The following study was conducted by Scientists from Caryl and Israel Englander Institute for Precision Medicine, Weill Cornell Medicine, New York, USA; Pathology and Laboratory Medicine, Weill Cornell Medicine, New York, USA; Caryl and Israel Englander Institute for Precision Medicine, Weill Cornell Medicine, New York, USA; Caryl and Israel Englander Institute for Precision Medicine, Weill Cornell Medicine, New York, USA;Human Oncology and Pathogenesis Program, Memorial Sloan Kettering Cancer Center, New York, USA; Department of Radiation Oncology, Memorial Sloan Kettering Cancer Center, New York, USA; Computational Oncology, Department of Epidemiology and Biostatistics, Memorial Sloan Kettering Cancer Center, New York, USA. Study is published in iScience Journal – Cell Press Publishing as detailed below.

iScience Journal – Cell Press Publishing (2021)
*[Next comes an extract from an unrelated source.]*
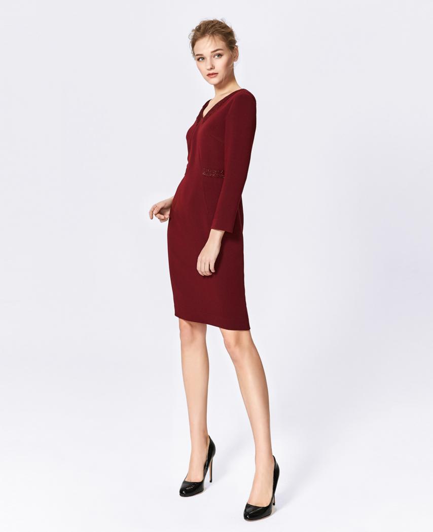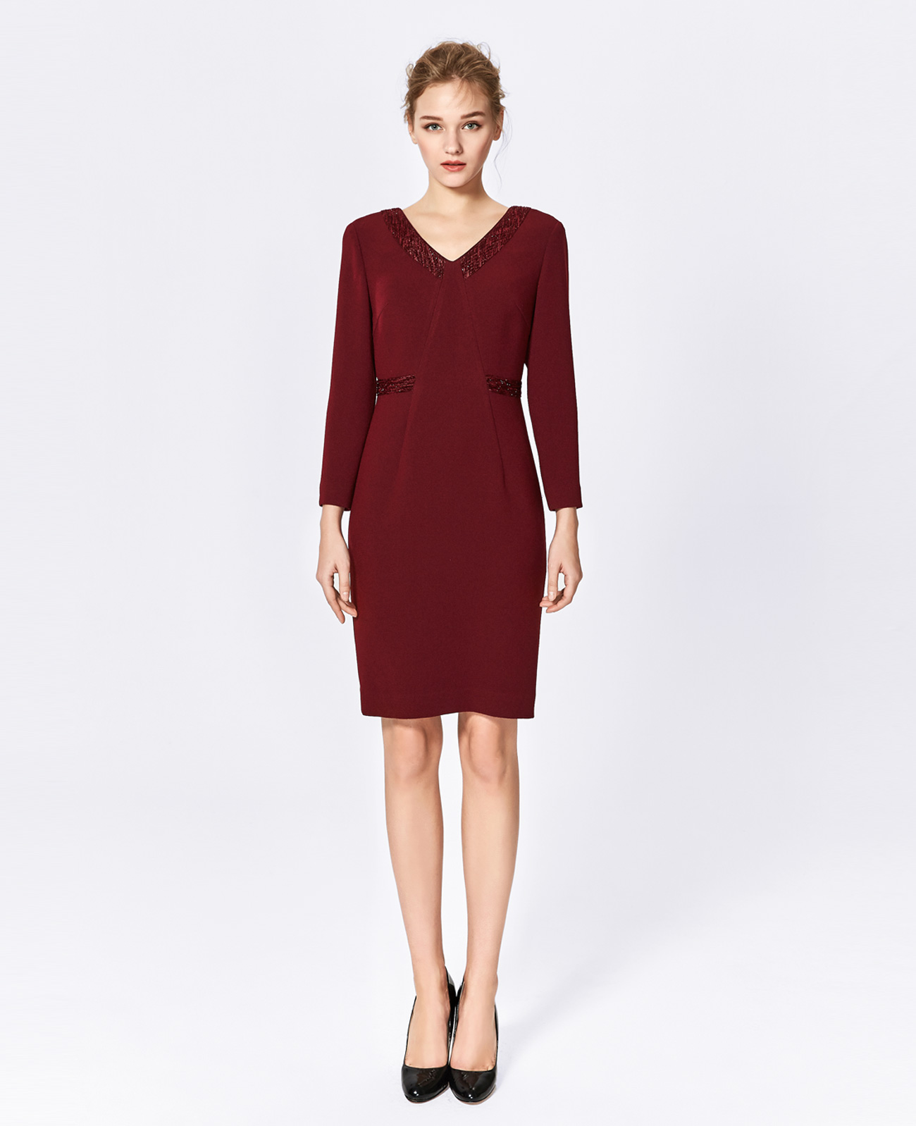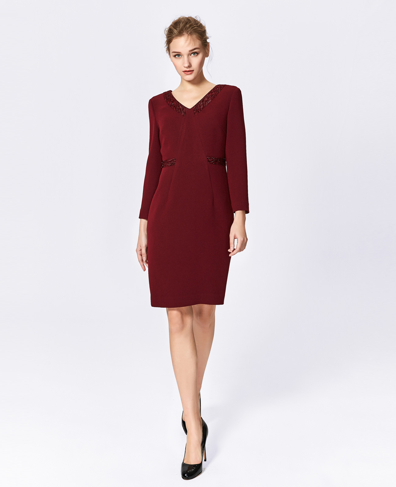 面料名称:酒红色V领裙 面料编号:FT-Fabric-0756

Deep Learning Predicts Chromosomal Instability from Histopathology Images

Highlights

  • Deep learning model accurately predicts CIN from histopathology slides
  • There is evidence for CIN intra-tumor heterogeneity with prognostic value
  • CIN is associated with profound transcriptional changes including mitotic pathways
  • Results pave the way for using CIN as a prognosis biomarker

Summary

Chromosomal instability (CIN) is a hallmark of human cancer yet not readily testable for patients with cancer in routine clinical setting. In this study, we sought to explore whether CIN status can be predicted using ubiquitously available hematoxylin and eosin histology through a deep learning-based model. When applied to a cohort of 1,010 patients with breast cancer (Training set: n = 858, Test set: n = 152) from The Cancer Genome Atlas where 485 patients have high CIN status, our model accurately classified CIN status, achieving an area under the curve of 0.822 with 81.2% sensitivity and 68.7% specificity in the test set. Patch-level predictions of CIN status suggested intra-tumor heterogeneity within slides. Moreover, presence of patches with high predicted CIN score within an entire slide was more predictive of clinical outcome than the average CIN score of the slide, thus underscoring the clinical importance of intra-tumor heterogeneity.

Source:

iScience Journal – Cell Press Publishing (2021)

URL: https://www.cell.com/iscience/fulltext/S2589-0042(21)00362-X

Citation:

Xu, Z., Verma, A., Naveed, U., Bakhoum, S.F., Khosravi, P., Elemento, O., 2021. Deep learning predicts chromosomal instability from histopathology images. iScience 24(5).